TheHobbyist
SWCA Member
[ame="https://www.youtube.com/watch?v=xvaEJzoaYZk"]https://www.youtube.com/watch?v=xvaEJzoaYZk[/ame]
...I still remember that rumbling sound...
I always liked that song. It's kinda funny, but people these days sort of romanticize those mountain bootleggers and illegal whiskey makers. But that was some serious business years and years ago, and probably still is.
In 1970, two of my buddies and I were coon hunting in Ashe County, North Carolina. We were running two Black and Tans and two Redbones. Great dogs that could run all night long. Well, they treed and were baying and howling to beat the band and here me and my buddies came huffin' and puffin' up the hill and into a little clearing and we run up on this still. It was cooking, and everything was laid out just so...cartons of jars and lids, bags of sugar, just all the fixins. Even some little hand built wheeled carts to haul the stuff out on. I'd never seen a still before. I thought it looked like some kind of Rube Goldberg jury rigged water heater or something....just tacked together out of whatever had been available.

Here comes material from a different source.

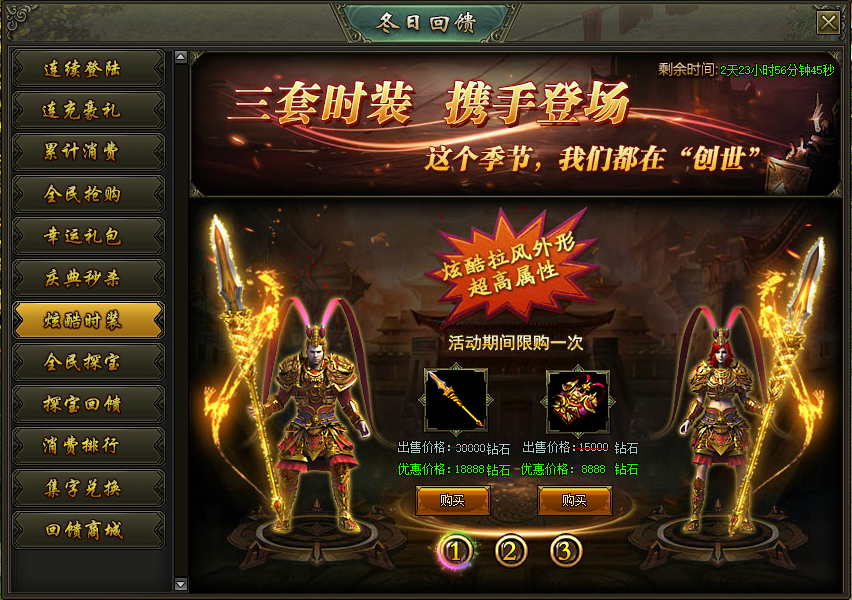 活动说明:活动期间,绝版时装限时出售,炫酷拉风外型、超高属性都在这里!

So we stopped to look for a minute or two, then Tommy says, "Uh-oh." And I'm goin', "What you mean, 'uh-oh?'"
He points over beside the still and there's a cigarette laying on the ground. Still burning.
It sorta turned into one of those Three Stooges Moments where everybody looks at the other fella, then starts runnin' and trippin' over each other trying to get away from something, you know? We got out of there about as fast as it takes you to read this paragraph.
Rounded up the dogs, didn't even mess with the coon needless to say. Just got our dogs and left.
I look back on that now and laugh...Tommy's passed on and Chip moved to somewhere in Mississippi...but that was forty-six years ago and things were somewhat different up in the mountains then than they are now.
But truth be known, I believe if you get far enough up in the North Carolina mountains now...say on up past Marshall and Weaverville and that area, out deep into some of the hollers (yeah, they're still called hollers), things haven't changed all that much from forty or fifty years ago, or even earlier.
Copperhead Road, indeed.
The song is about the transition in the hills around here from moonshine to grass. The next production shift has been a lot less colorful. Sadly, this generation makes meth.
Oh yes, the picture is of Popcorn Sutton, a famous moonshiner who reportedly killed himself rather than being taken by the Feds. Locals believe pretty strongly that his grave is empty. I kinda hope so.
Ed
I lived on Copperhead Road (just north of Fayetteville, GA). I found out why they called it that the first time it cooled down dramatically after a hot day. (all the copperheads slithered up onto the nice warm asphalt to stay warm, it was a "crunchy" drive into town that night.
They renamed that road to Neely Rd while I was living there, I think because it was scaring prospective buyers away.